Thanks for sharing. The super fly looked super fun bummed I missed out on it.


----------



## Merc6 (Jun 8, 2013)

AutumnCruzeRS said:


> Thanks for sharing. The super fly looked super fun bummed I missed out on it.


Yeah I haven't been to the newer ones like this. The ones I went to were ages ago a few blocks up at Spaghetti Warehouse. No way they could have held that crowd and served regular customers. I was seriously thinking of sitting that one out but glad I did go.


----------



## CRUISE-CRUZE (Nov 8, 2010)

*It was another great trip to Lordstown. I would just say a big THANK YOU to XtremeRevolution and all the other guys who helped and made this trip possible, once again! It is not easy to put all the details together and make all the arrangements. I would rate 5 STARS all these guys and I hope we'll have another nice trip next year! *:bowdown::bowdown::bowdown:


----------



## anthonysmith93 (Jul 15, 2015)

https://www.facebook.com/media/set/?set=a.10155326091246100.1073741833.640721099&type=1&l=ad085c31dc

Here's a link to my album of pics, it IS on Facebook, but I made it public so anyone can view them without signing in.


----------



## Tomko (Jun 1, 2013)

evolizzee said:


> The chameleon painted/wrapped second gen looked pretty cool!


Whose Cruze was that?


----------



## 96zed28 (Sep 8, 2014)

Tomko said:


> Whose Cruze was that?


Ryan Palmer's I believe. It was the talk of the meet, very impressive and he was on the news!


----------



## Merc6 (Jun 8, 2013)

anthonysmith93 said:


> https://www.facebook.com/media/set/?set=a.10155326091246100.1073741833.640721099&type=1&l=ad085c31dc
> 
> Here's a link to my album of pics, it IS on Facebook, but I made it public so anyone can view them without signing in.
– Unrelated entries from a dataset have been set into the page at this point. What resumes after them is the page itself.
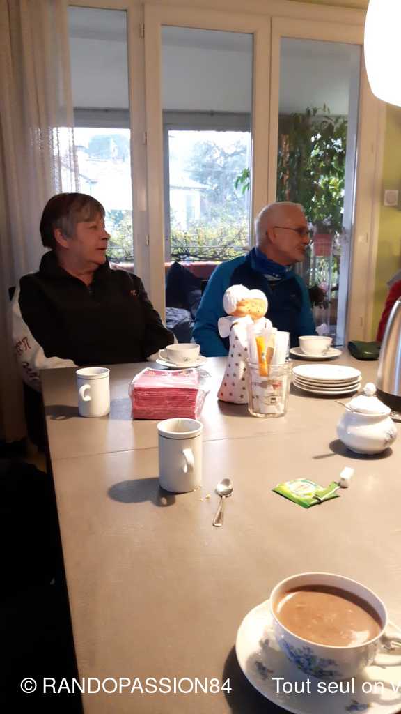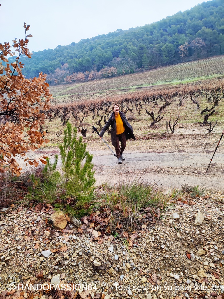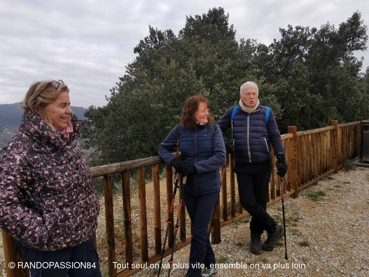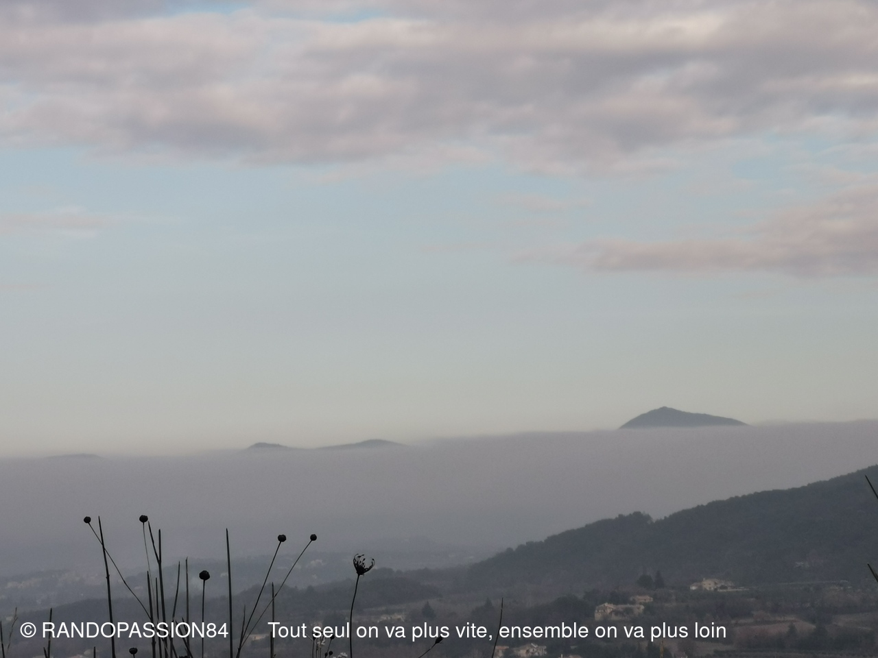 Le groupe 1 se limitant à 3 randonneurs, le groupe 2 à 9, il manquait un peu d'équilibre c'est pourquoi  il a été décidé de faire un groupe intermédiaire que nous rebaptiserons  "groupe 3".  Une façon de bien intégrer Sylvie nouvelle dans le groupe et à qui nous souhaitons la bienvenue. Une boucle de 7 à 8 Km qui après une belle petite montée nous a emmené sur les hauteurs de Vaison dans une ambiance brumeuse et humide mais sans pluie .
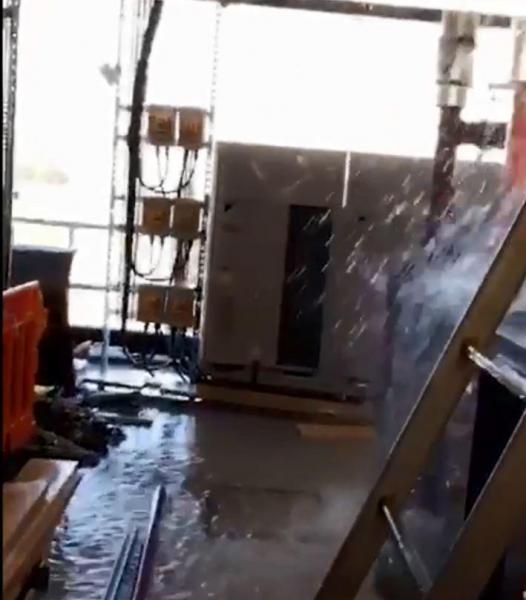 Το τελευταίο πρόβλημα όμως δεν είναι απλώς ότι καθυστερεί την παράδοση του έργου. Το νερό από τον σπασμένο αγωγό έτρεχε για περίπου 45 λεπτά με αποτέλεσμα να πλημμυρίσουν κυριολεκτικά δύο πατώματα στο συγκεκριμένο κομμάτι της κερκίδας. Αλλά δεν ήταν μόνο η πλημμύρα…
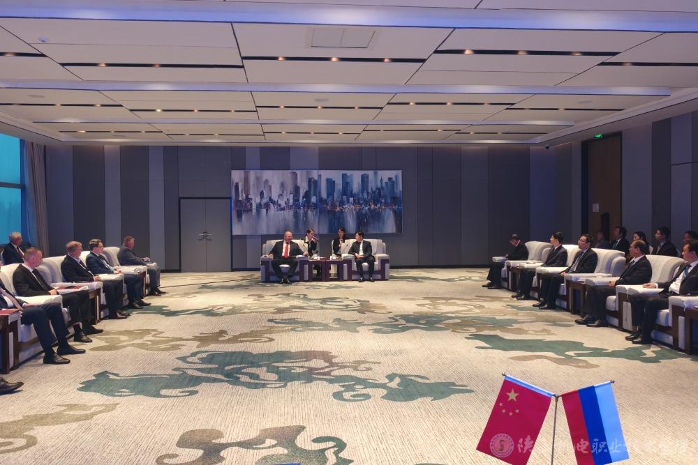 签约仪式后,伊逊智同古利亚科夫进行友好交流,并合影留念。
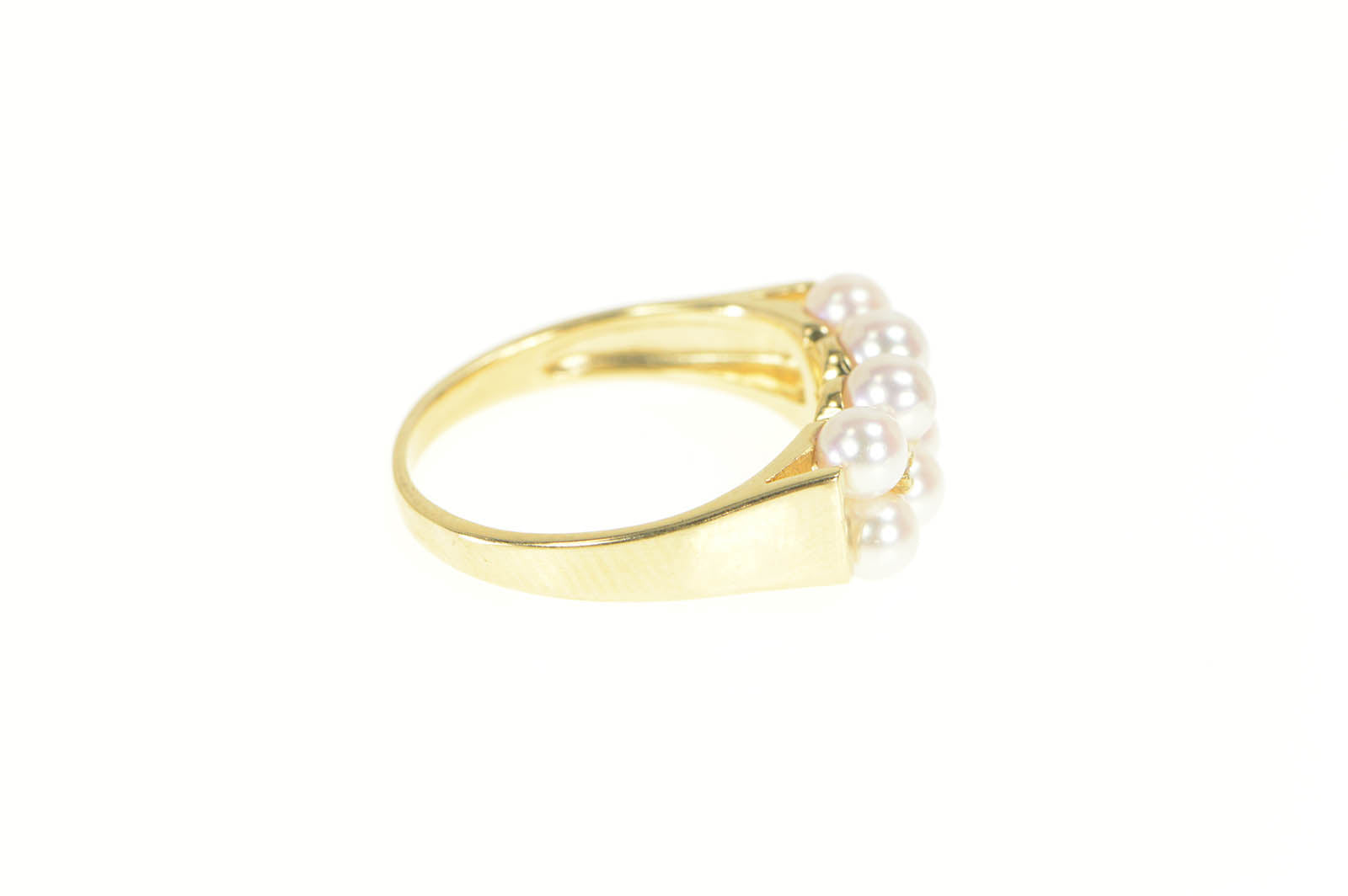 ·Item: 14K Pearl Squared Row Cluster Diamond Accent Ring Size 5.75 Yellow Gold

Still blocked at work. I'll try later.


----------



## BrightParrot (Jul 22, 2016)

anthonysmith93 said:


> https://www.facebook.com/media/set/?set=a.10155326091246100.1073741833.640721099&type=1&l=ad085c31dc
> 
> Here's a link to my album of pics, it IS on Facebook, but I made it public so anyone can view them without signing in.


I've now added those pics to their own album on my website - as before, if you want an original copy, click on the photo, it will open in a lightbox and there is a download button next to the facebook button.
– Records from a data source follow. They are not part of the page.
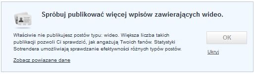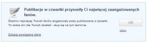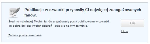 Warto zdiagnozować jakie posty wywołują najżywsze reakcje fanów. We Wskazówkach dowiemy się, jak postować aby osiągnąć jak najlepsze rezultaty. Na podstawie analizy dotychczasowych postów otrzymamy informację, które dni i godziny wywołują najżywsze reakcje fanów. Z drugiej strony jeżeli zaniedbujemy jakieś pory postowania, odpowiednia wskazówka zasugeruje, żeby i w nich sprawdzić skuteczność naszych działań.
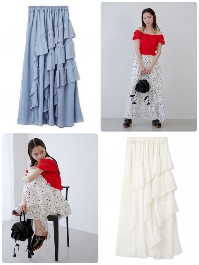 上から下へと流れ落ちるように計算されたラッフルフリルが、歩くたびに軽やかに揺れるティアードスカート。ドット柄はとくにトレンド感抜群!
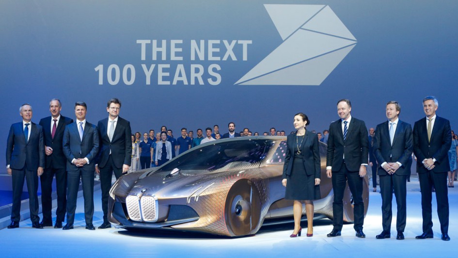 von 10: Da BMW nicht nur eine einzige Geburtstagsfeier wollte, sondern ein ganzes Jubeljahr, geht das am Montag vorgestellte Konzeptauto "Vision Next 100" auf eine symbolische Welttour.
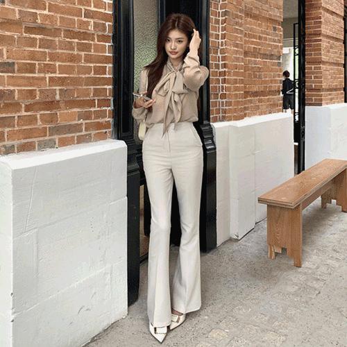 [르뚜앙]다보판 봄 가을 부츠컷 슬랙스 하이웨스트 롱 와이드 팬츠 화이트 베이지 하객룩 세미정장 출근..
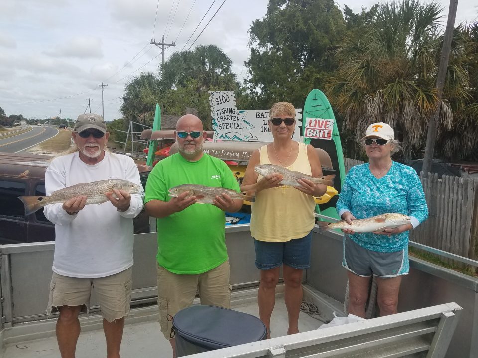 Wow, this year is absolutely flying by!  As predicted, we just came off of one of the best redfish bites I have seen in years.  All of those hundreds of under-slot reds are now of legal size, and there are a lot of them.  I have had multiple 4-hour charters, where we have landed 20 and 30 inch-slot reds.  Very exciting! Most of them were caught with the live pin fish and set up that I talked about last month.  It is November, and we should start seeing a stronger trout bite now, or if not, soon.  I usually have my best success using a B52 popper.  They are heavy, which lets you cast them farther.  They are loud, also which helps attract the trout to your bait.  Don’t wimp out on popping these.  Make them splash! Attached to the popper, I use 20-pound test floracarbon, and the length depends on the depth of the grass flat I am working.  I am usually around three feet in length, so the bait dances just above the grass.  I love DOA plastics because they are a lot tougher then some of the more advertised brands.  I can land quite a few fish without burning through a lot of baits and money.  Chartreuse/pearl 3 in shad and the electric chicken are two of my favorites.  I hope this helps, and if you have any questions, please do not hesitate to stop by the shop, call, text, or email.  We are here to help.  Get those kids fishing!
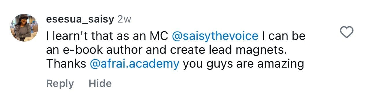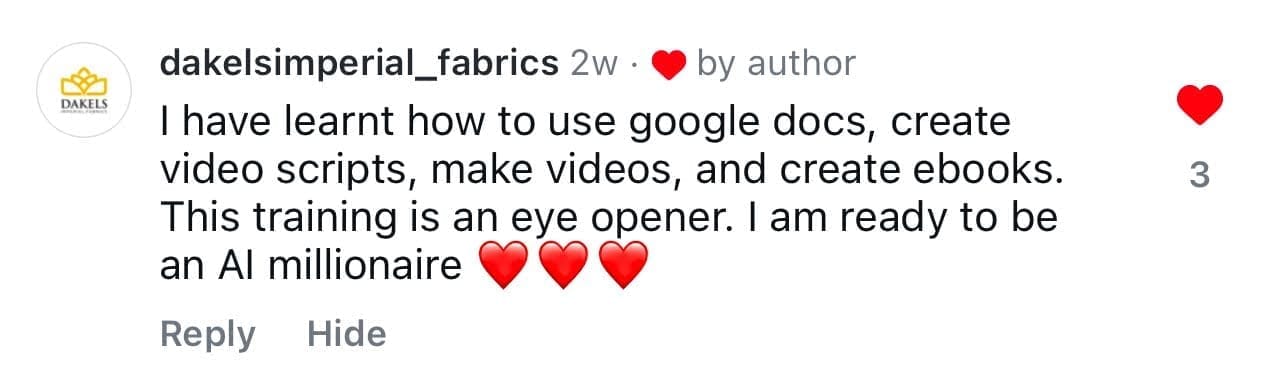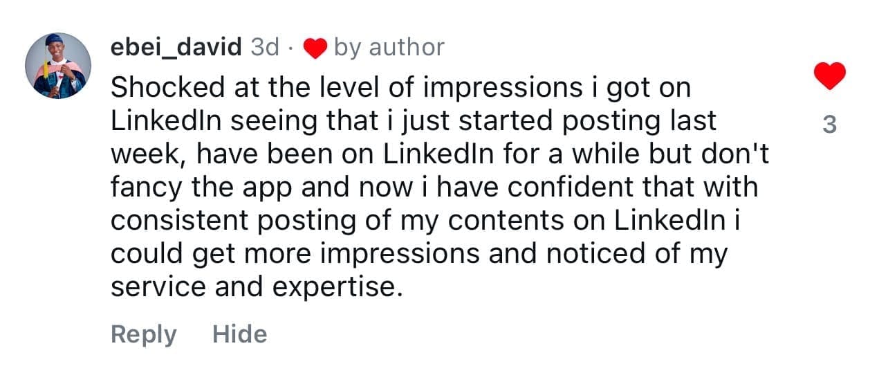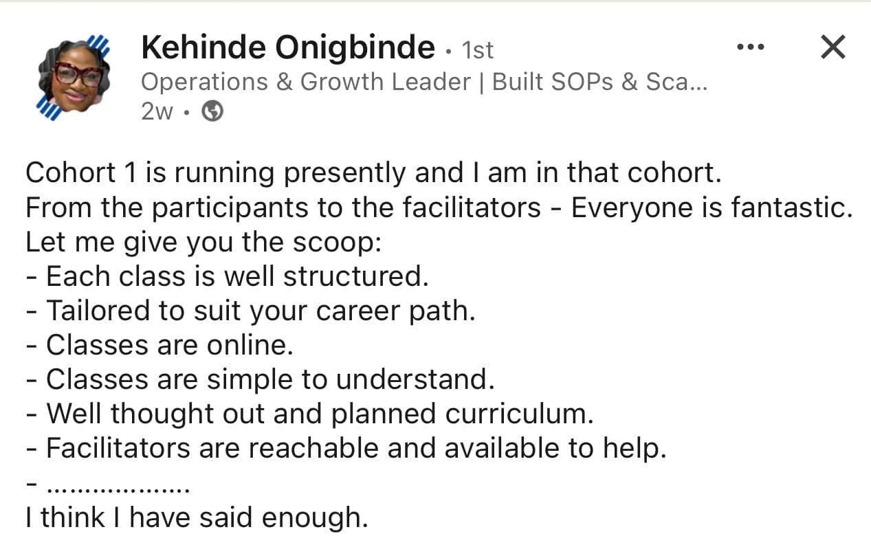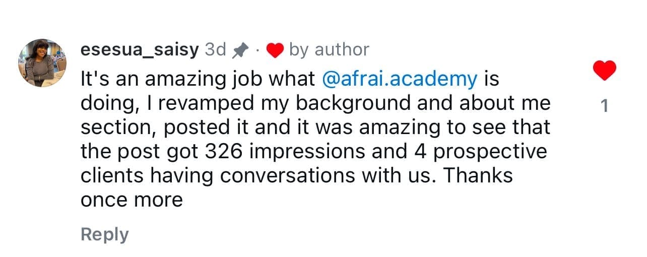 The training showed me how to create content for my brand. I just got a client on LinkedIn as a result of my post and optimized profile.

If anyone else would like their pictures added, just let me know...


----------



## Blasirl (Mar 31, 2015)

Does anyone have the article in the Youngstown paper they can post?


----------



## dhpnet (Mar 2, 2014)

Nice Cruzes. I wish I could have gone, but it is a little too far for me. Looks like it was fun.


----------



## BrightParrot (Jul 22, 2016)

Blasirl said:


> Does anyone have the article in the Youngstown paper they can post?


I have it, I just haven't gotten to getting it into electronic format. But I will... I'll post when I do.


----------



## Blasirl (Mar 31, 2015)

BrightParrot said:


> I have it, I just haven't gotten to getting it into electronic format. But I will... I'll post when I do.


Great,

Until then can you post the full paper name and the date and the page for that matter?

Thanks


----------